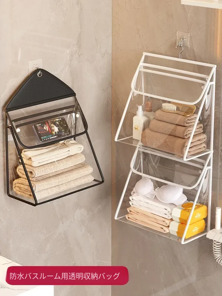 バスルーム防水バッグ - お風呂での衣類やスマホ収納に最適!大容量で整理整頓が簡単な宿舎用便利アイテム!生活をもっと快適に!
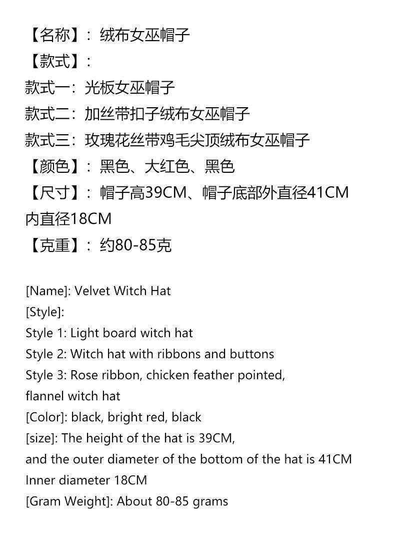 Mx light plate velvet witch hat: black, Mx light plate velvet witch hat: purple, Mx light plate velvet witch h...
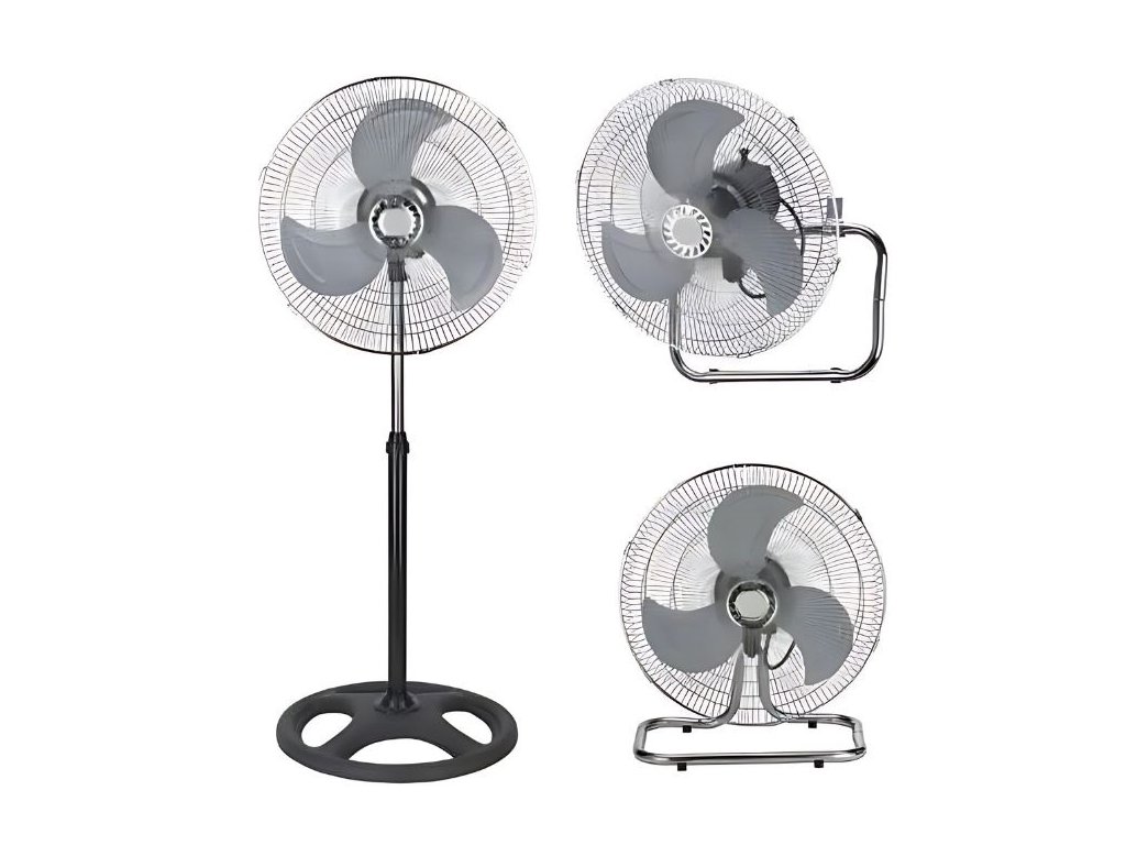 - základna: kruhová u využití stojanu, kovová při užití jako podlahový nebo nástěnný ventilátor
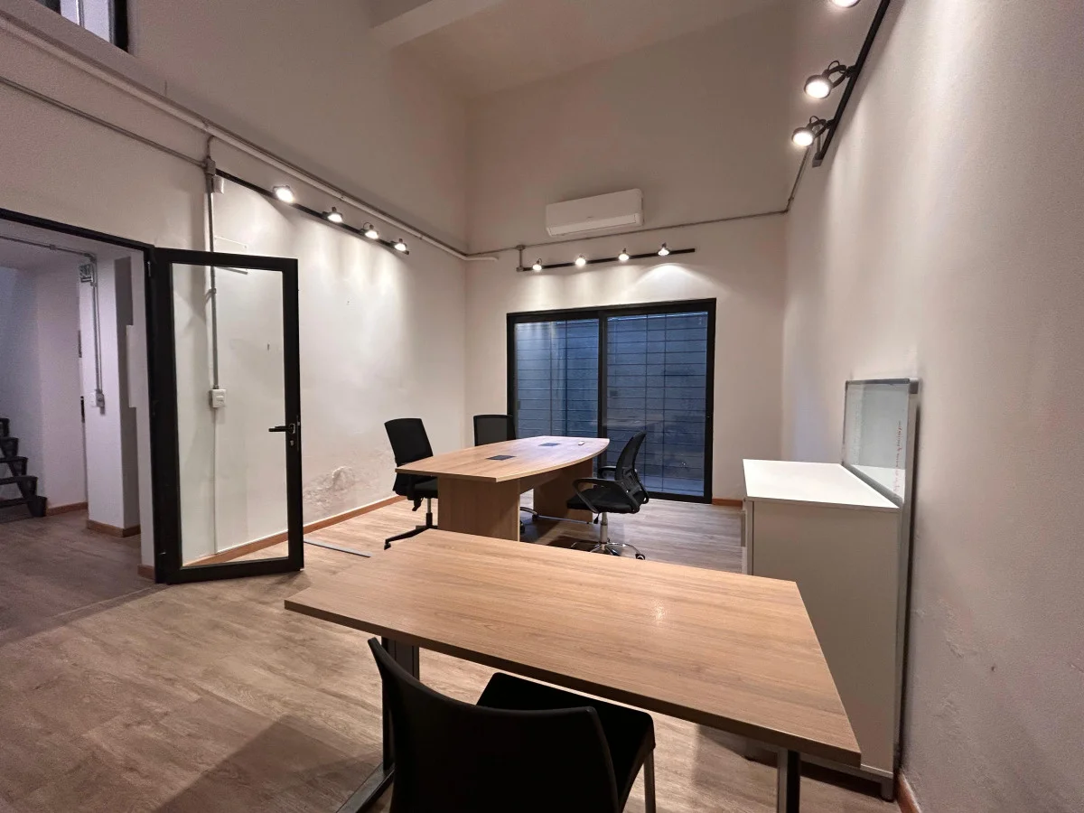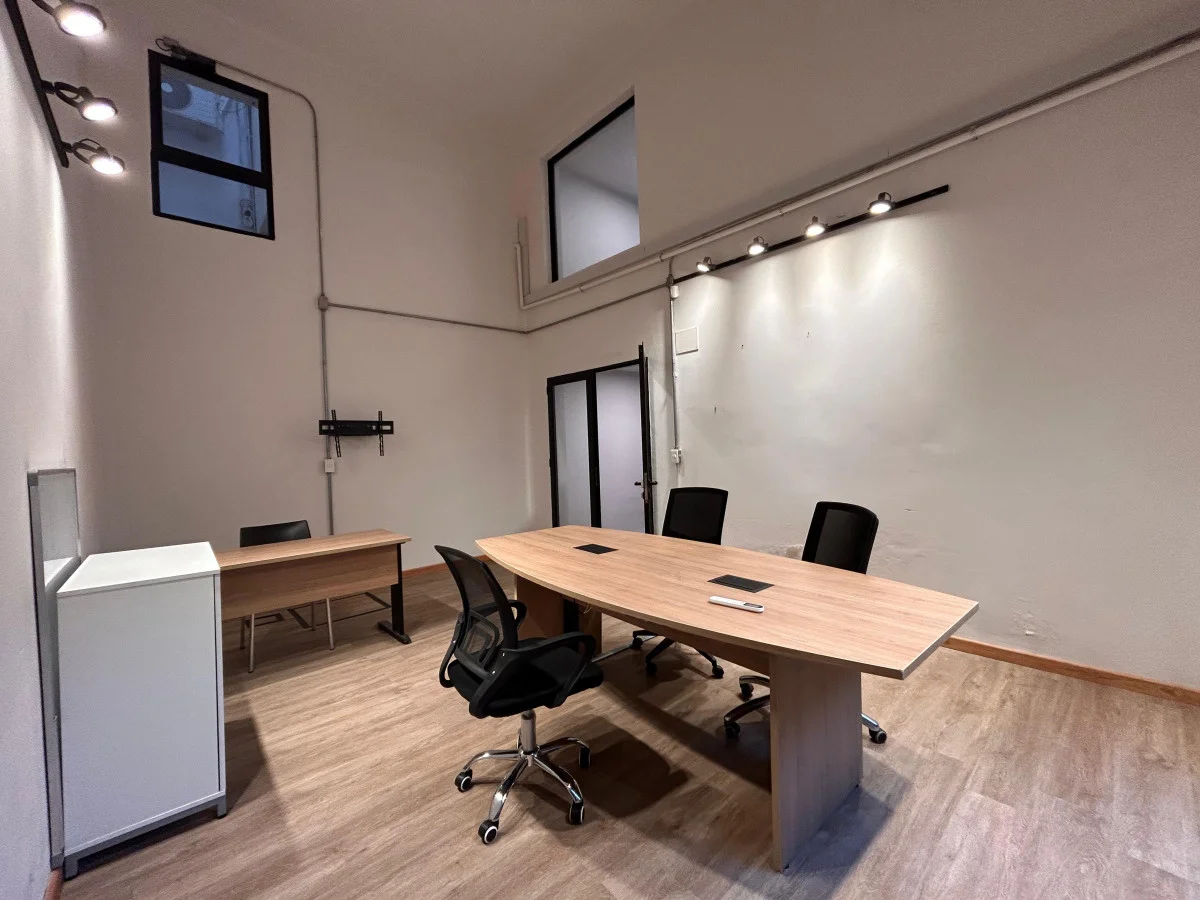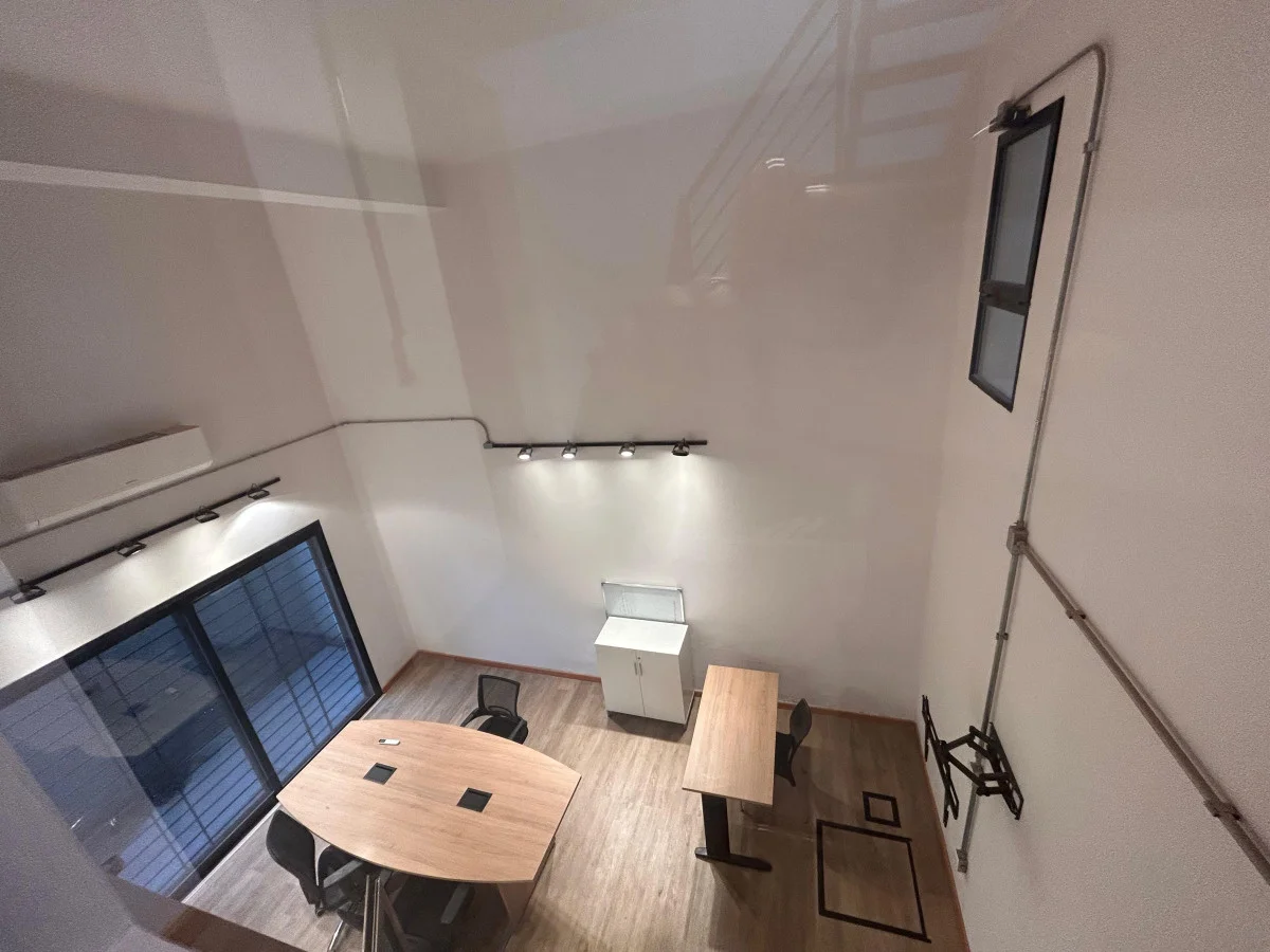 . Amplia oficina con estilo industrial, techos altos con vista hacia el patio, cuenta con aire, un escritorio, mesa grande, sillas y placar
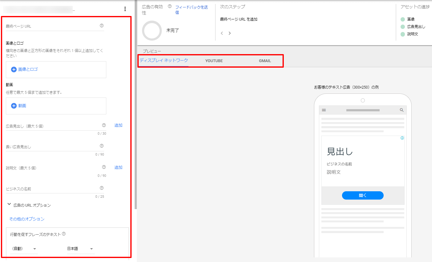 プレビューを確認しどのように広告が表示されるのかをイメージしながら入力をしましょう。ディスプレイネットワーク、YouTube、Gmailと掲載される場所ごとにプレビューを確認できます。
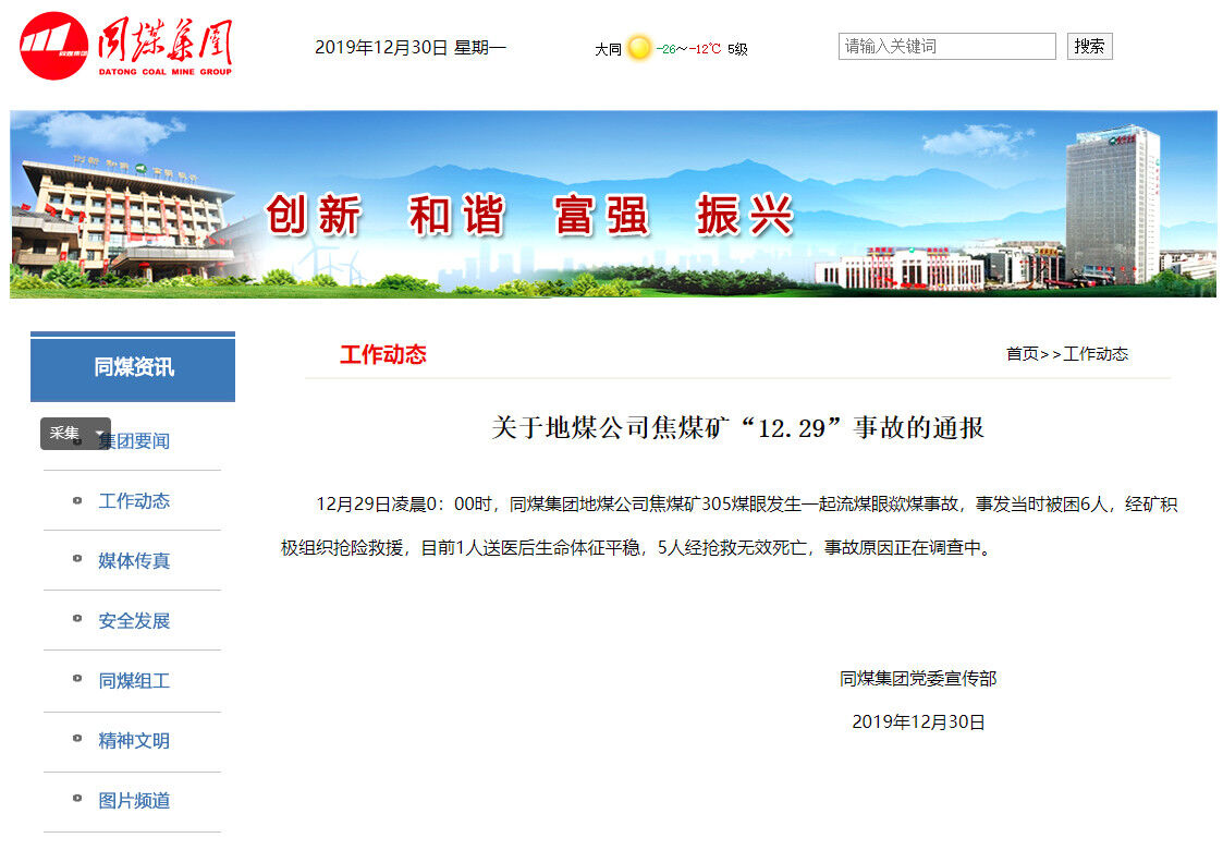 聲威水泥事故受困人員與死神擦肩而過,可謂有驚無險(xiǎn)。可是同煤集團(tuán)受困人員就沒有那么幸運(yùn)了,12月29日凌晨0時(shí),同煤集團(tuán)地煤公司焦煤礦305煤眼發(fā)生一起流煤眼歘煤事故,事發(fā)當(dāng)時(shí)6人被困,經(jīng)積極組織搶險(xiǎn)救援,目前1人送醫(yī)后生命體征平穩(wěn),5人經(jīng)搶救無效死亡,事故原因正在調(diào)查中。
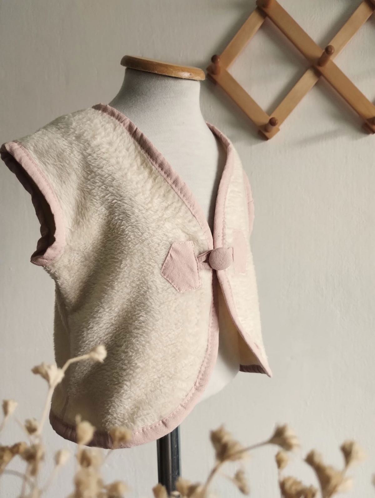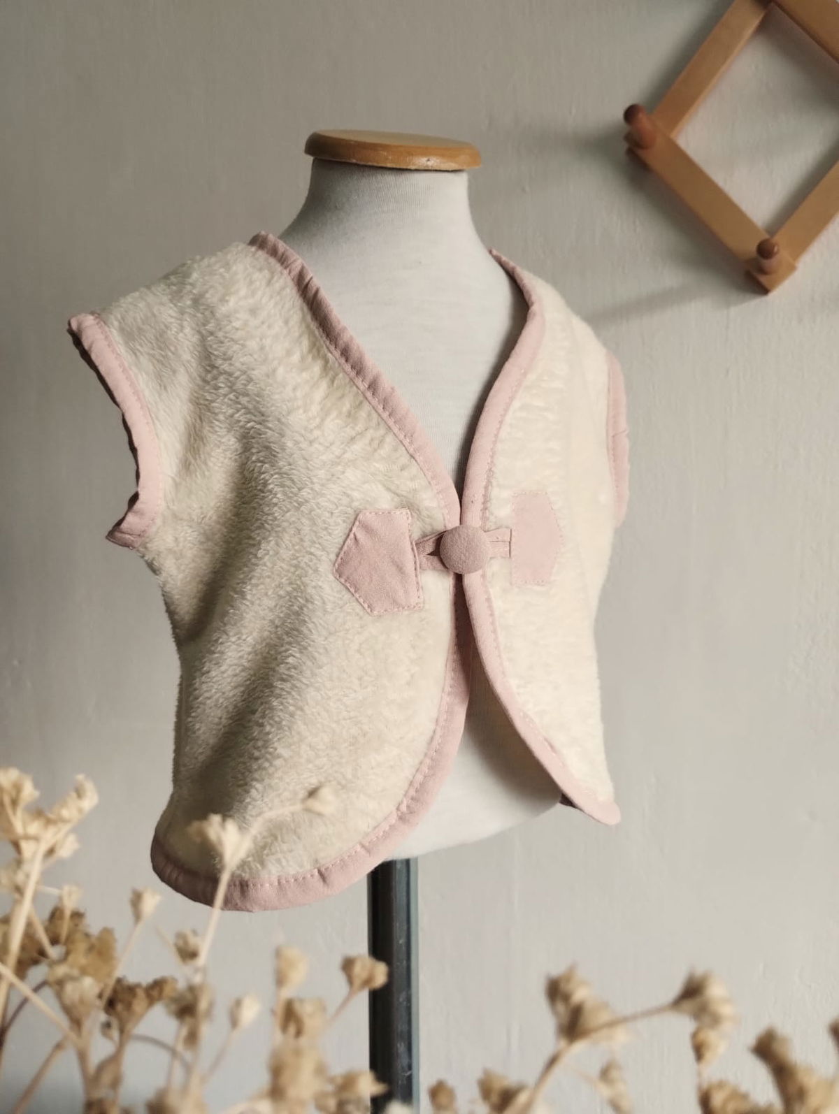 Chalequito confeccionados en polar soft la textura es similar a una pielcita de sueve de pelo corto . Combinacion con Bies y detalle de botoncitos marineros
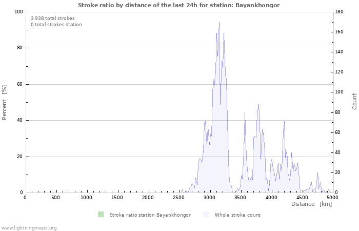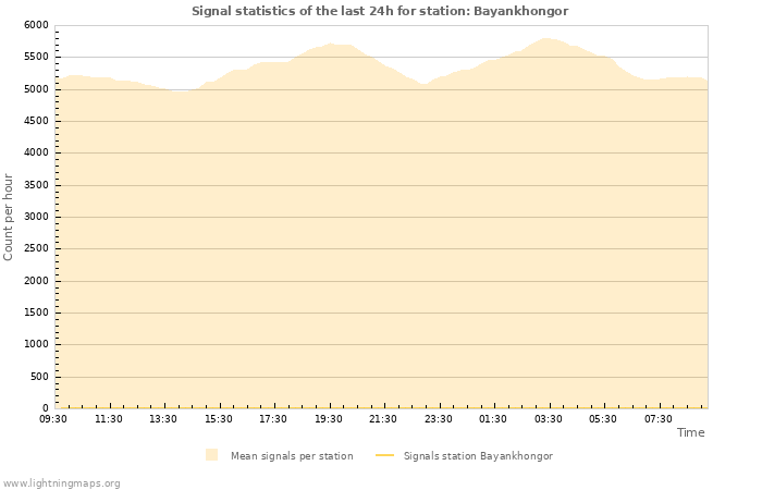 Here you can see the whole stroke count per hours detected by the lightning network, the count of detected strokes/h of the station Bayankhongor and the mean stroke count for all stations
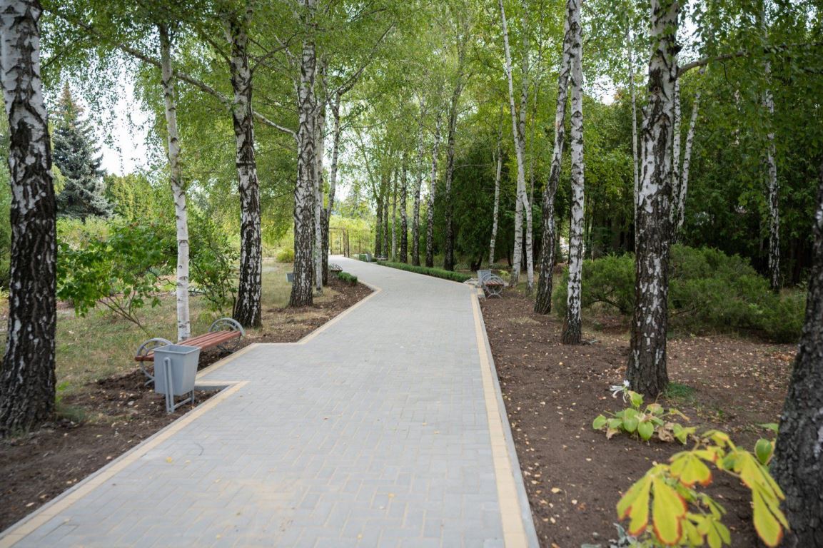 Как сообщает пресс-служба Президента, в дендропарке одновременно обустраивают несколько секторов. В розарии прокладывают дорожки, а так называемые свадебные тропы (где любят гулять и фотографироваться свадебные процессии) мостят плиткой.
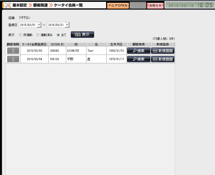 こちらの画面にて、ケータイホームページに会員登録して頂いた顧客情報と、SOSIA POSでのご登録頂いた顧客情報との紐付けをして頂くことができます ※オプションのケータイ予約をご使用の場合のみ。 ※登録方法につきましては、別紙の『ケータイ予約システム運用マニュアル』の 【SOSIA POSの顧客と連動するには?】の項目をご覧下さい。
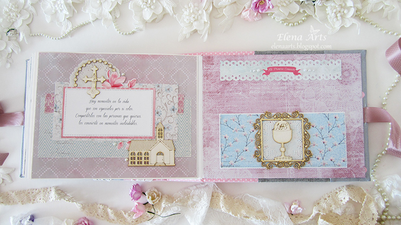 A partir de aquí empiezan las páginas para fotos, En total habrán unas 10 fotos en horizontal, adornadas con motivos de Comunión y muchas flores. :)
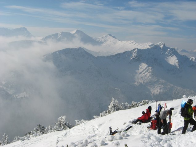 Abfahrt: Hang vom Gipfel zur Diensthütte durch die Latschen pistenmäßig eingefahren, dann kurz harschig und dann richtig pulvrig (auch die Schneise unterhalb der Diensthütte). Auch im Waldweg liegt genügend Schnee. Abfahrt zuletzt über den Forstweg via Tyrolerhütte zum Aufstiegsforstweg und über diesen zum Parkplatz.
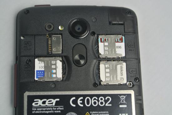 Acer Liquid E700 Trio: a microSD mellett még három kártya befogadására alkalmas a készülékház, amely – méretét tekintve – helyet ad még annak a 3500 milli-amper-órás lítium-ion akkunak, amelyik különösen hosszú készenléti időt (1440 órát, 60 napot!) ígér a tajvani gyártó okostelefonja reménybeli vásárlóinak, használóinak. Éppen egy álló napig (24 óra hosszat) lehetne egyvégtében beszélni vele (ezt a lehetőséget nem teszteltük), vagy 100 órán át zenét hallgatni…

##############################

» **Work to be completed**: No pictures should appear in the copy; write out exactly the lines from the one containing "Как сообщает пресс-служба" through the end of the material.

» **Output below**:
 Как сообщает пресс-служба Президента, в дендропарке одновременно обустраивают несколько секторов. В розарии прокладывают дорожки, а так называемые свадебные тропы (где любят гулять и фотографироваться свадебные процессии) мостят плиткой.
 こちらの画面にて、ケータイホームページに会員登録して頂いた顧客情報と、SOSIA POSでのご登録頂いた顧客情報との紐付けをして頂くことができます ※オプションのケータイ予約をご使用の場合のみ。 ※登録方法につきましては、別紙の『ケータイ予約システム運用マニュアル』の 【SOSIA POSの顧客と連動するには?】の項目をご覧下さい。
 A partir de aquí empiezan las páginas para fotos, En total habrán unas 10 fotos en horizontal, adornadas con motivos de Comunión y muchas flores. :)
 Abfahrt: Hang vom Gipfel zur Diensthütte durch die Latschen pistenmäßig eingefahren, dann kurz harschig und dann richtig pulvrig (auch die Schneise unterhalb der Diensthütte). Auch im Waldweg liegt genügend Schnee. Abfahrt zuletzt über den Forstweg via Tyrolerhütte zum Aufstiegsforstweg und über diesen zum Parkplatz.
 Acer Liquid E700 Trio: a microSD mellett még három kártya befogadására alkalmas a készülékház, amely – méretét tekintve – helyet ad még annak a 3500 milli-amper-órás lítium-ion akkunak, amelyik különösen hosszú készenléti időt (1440 órát, 60 napot!) ígér a tajvani gyártó okostelefonja reménybeli vásárlóinak, használóinak. Éppen egy álló napig (24 óra hosszat) lehetne egyvégtében beszélni vele (ezt a lehetőséget nem teszteltük), vagy 100 órán át zenét hallgatni…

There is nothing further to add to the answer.